◆ What this task involves: If a line of the material contains "with", copy it.

◆ Excerpted records:
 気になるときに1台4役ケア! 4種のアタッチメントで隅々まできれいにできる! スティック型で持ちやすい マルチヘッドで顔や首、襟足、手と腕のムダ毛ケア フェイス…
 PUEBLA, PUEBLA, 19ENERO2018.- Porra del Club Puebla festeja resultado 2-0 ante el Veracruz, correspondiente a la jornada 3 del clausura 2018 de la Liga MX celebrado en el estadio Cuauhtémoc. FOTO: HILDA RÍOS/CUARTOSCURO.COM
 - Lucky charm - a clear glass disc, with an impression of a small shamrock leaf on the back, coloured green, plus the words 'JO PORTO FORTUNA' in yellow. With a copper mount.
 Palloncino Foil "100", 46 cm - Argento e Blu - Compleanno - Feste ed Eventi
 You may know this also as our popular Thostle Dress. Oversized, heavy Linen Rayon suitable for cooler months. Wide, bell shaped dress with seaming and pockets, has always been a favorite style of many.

---

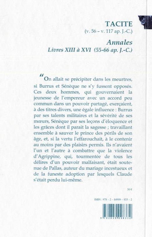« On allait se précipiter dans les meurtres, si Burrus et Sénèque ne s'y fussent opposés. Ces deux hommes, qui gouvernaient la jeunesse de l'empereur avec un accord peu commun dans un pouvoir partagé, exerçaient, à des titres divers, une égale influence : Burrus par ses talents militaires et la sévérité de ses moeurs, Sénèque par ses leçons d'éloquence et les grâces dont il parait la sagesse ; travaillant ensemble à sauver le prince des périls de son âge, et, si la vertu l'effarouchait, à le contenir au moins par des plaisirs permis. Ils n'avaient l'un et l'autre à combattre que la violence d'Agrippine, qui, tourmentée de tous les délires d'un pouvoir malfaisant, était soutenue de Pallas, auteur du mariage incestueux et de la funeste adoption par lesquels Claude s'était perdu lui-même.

◆ Answer section:
 - Lucky charm - a clear glass disc, with an impression of a small shamrock leaf on the back, coloured green, plus the words 'JO PORTO FORTUNA' in yellow. With a copper mount.
 You may know this also as our popular Thostle Dress. Oversized, heavy Linen Rayon suitable for cooler months. Wide, bell shaped dress with seaming and pockets, has always been a favorite style of many.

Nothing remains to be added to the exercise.